An important point is that $y$ is whether this Ad is clicked, instead of whether this Ad is chosen to display. This is the difference between banditNet and my net.

Then, we use our network $\sigma_{\bar{w}}$ to estimate the probability of clicking of a given Ad, and use this propensity as the propensity to display this Ad.
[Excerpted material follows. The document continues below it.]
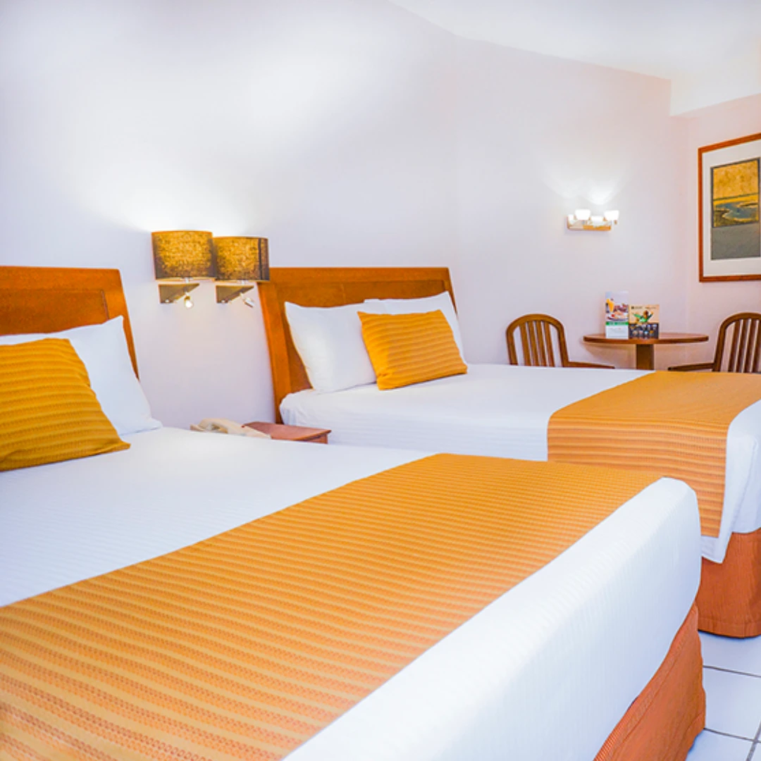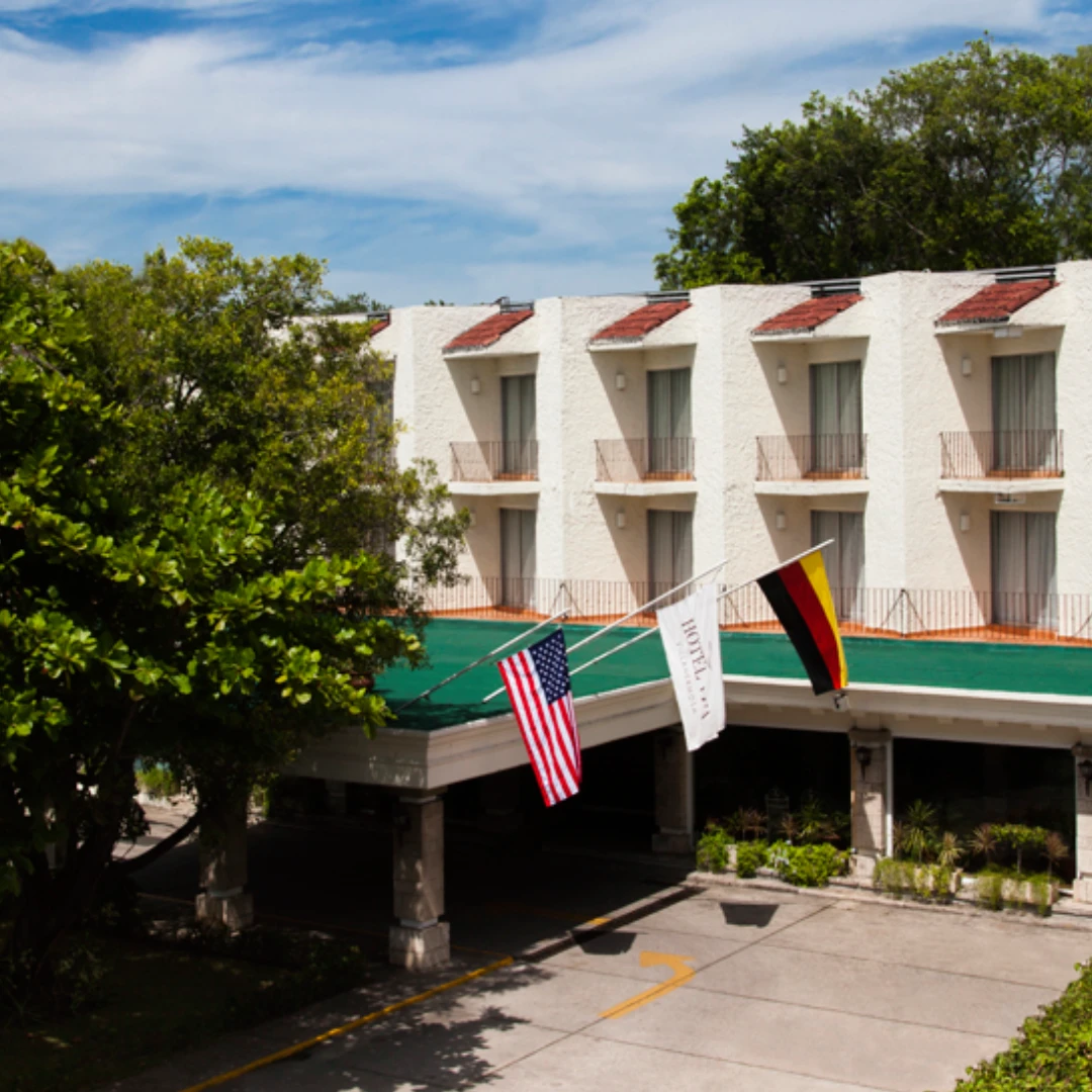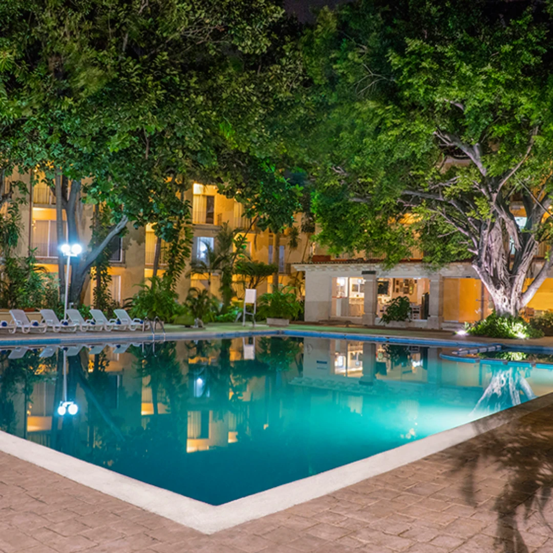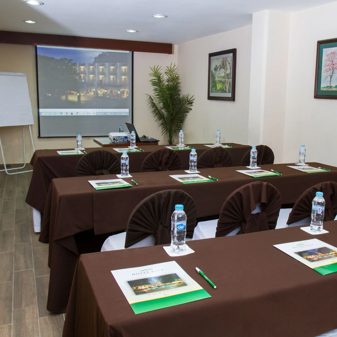El logo muestra "Hotel Viva Villahermosa" con dos hojas verdes estilizadas arriba del texto.

This is based on an assumption that $\pi_0$ will always choose Ads with high CTR (reward) to display.

If this assumption is true (of course true), then the IPS:

$$IPS = \frac{10^4}{n^+ + 10n^-}\sum\delta\frac{\frac{score(\hat{x})}{\sum score(x_i)}}{\pi_0}$$

will be maximized. This is how my net works.

Question: Why do we need to add $\min\{\frac{1}{p}, c\}$ before our BCE loss fuction? Why will this contribute to CTR prediction?

In the banditNet settings, the network will directly calculate propensity for each candidate, or $\pi_w$, then directly maximize the IPS / SNIPS or minimize its Lagrangian.

$$IPS = \frac{1}{n}\sum\delta\frac{\pi_w}{\pi_0}$$

What’s the best clipping value?

According to the diagram drawn in the beginning, the best clipping value is around $30$ ~ $50$. The percentage of clipped propensities are about $30\%$ ~ $45\%$.

Question: Will $30\%$ ~ $45\%$ always be the best percentage? How to find the relationship between the best clipping value and the distribution of propensity?

Question: Is it true that the more propensities are clipped, the larger bias is and the smaller variance is? What’s the relation between bias-variance-tradeoff and clipping method?

Question: Is there better way to find the best clipping value without grid search?